The weekday morning Torah reading is D’varim/ Deuteronomy 21:10-21, and while there are many, many mitzvot in the Torah portion Ki Tetze, the weekday reading has three: a law regarding women captured in wartime, a law about inheritance rights in a difficult marriage, and the law of the “stubborn and rebellious son.”
The first law says that if a soldier in Biblical times took a woman captive in battle, he was not allowed to do whatever he wanted, but had to wait before taking her as a wife. The ancient rabbis assumed that if he had to wait, he’d probably change his mind and send her home, but even if he didn’t, he had to treat her like a human being and not like property. What this teaches is that even in wartime, when everything is chaos and most normal rules don’t apply, men still had to treat women with respect, like real human beings, not just objects- so how much more so does that apply in everyday life!

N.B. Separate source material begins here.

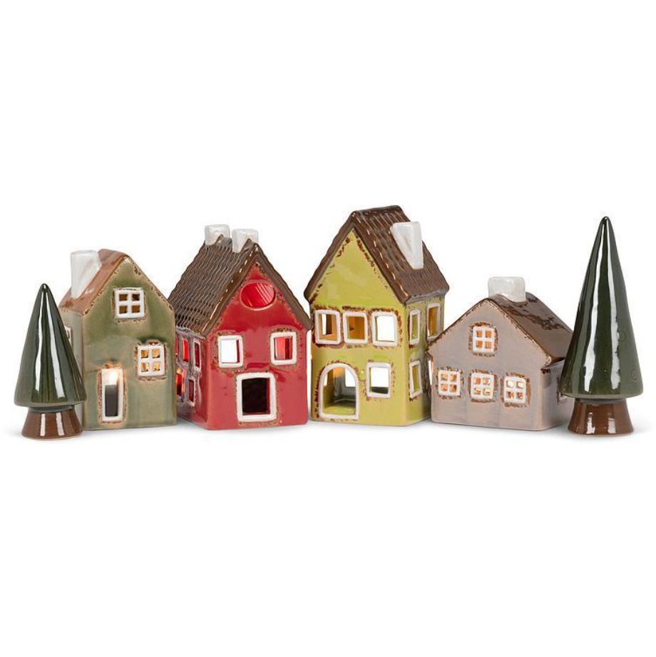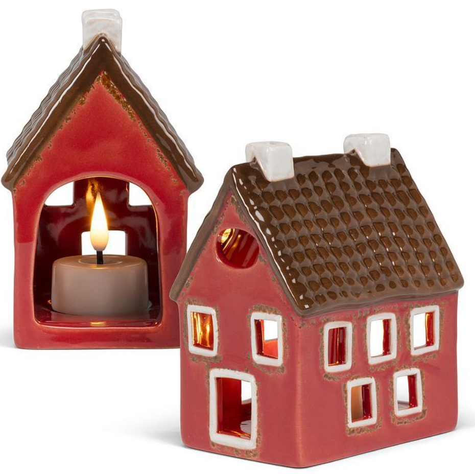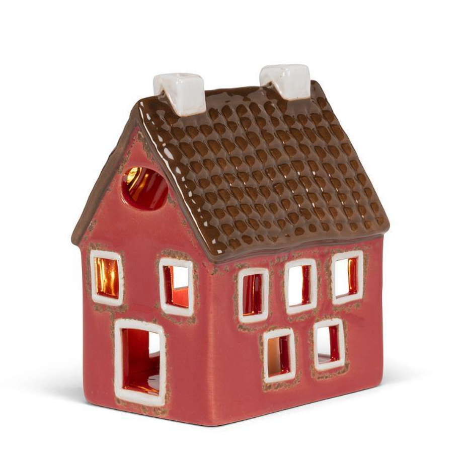 Enhance your miniature village with our Red House featuring windows, a delightful and inviting piece for your collection. Expertly crafted from ceramic, this tealight holder offers a gentle, warm light ideal for adding comfort to any space. Designed specifically for use with LED tealights or light strings, it safely delivers a calming glow throughout your room.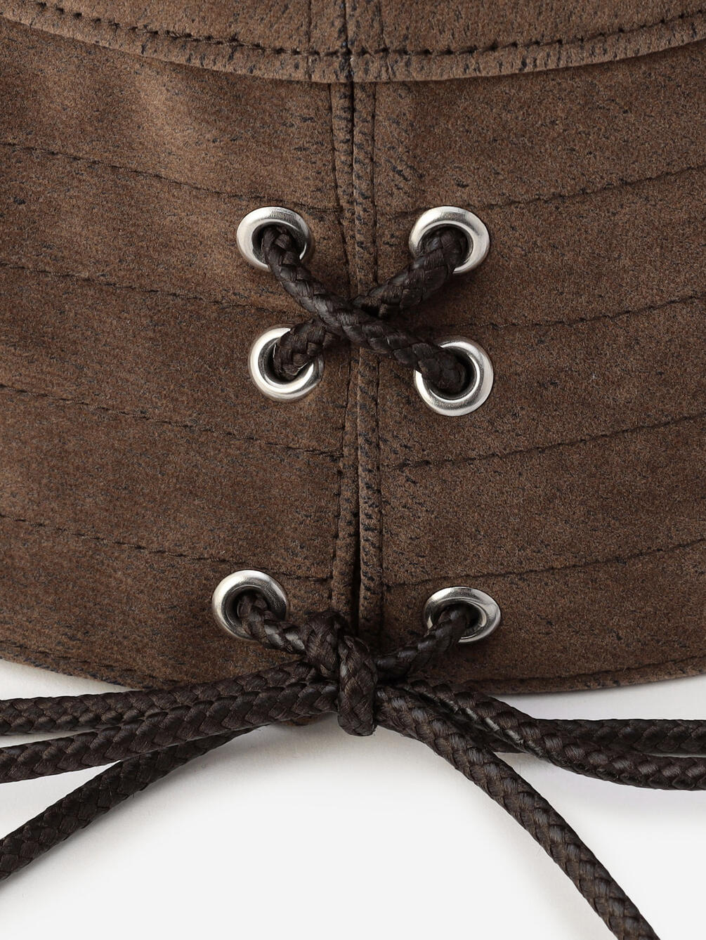 - バックにレザーライクな組紐のレースアップ

The second law says that if a man has two wives, one whom he loves and one whom he doesn’t, he still has to give a fair inheritance to the sons of the wife he doesn’t like. That is, whatever problem there might be between the husband and wife, the parent can’t put that on the child, who gets the inheritance that’s due to him, even the bigger inheritance of the firstborn. What this teaches is that even if you really have a problem with somebody, your problem with one person doesn’t apply to anybody else- not that person’s friends, family or acquaintances. People are individuals, and deserve to be treated that way.

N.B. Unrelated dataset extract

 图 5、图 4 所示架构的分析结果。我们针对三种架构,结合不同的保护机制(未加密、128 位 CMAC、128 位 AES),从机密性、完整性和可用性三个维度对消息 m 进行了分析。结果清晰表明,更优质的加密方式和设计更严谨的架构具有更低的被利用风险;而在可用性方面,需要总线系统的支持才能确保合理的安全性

The final law of this morning’s reading is really hard: it’s the “stubborn and rebellious son.” The Torah says that if a young man is really horrible, a drunkard and a thief and a glutton and totally disrespectful, his parents can take him out to be stoned to death! Most of the rabbis say that actually never actually happened- what kind of parents would do that? So maybe this section of the Torah using an impossible example to teach that that some kinds of behaviors are so serious, they can make people so angry and feel so disrespected it might be a matter of life and death.
What these three mitzvot have in common is treating others with respect, even in difficult situations. We’re not soldiers at war, and I hope nobody hates somebody in their family, but the idea is this: if in those extreme situations, people had to be treated as individuals, with basic human dignity- it applies even more so in normal interactions with friends and family. To put it another way, sometimes the Torah gives an extreme example so we’ll see how it applies even more in normal situations, like how we treat each other today and every day, at camp. at school or at home.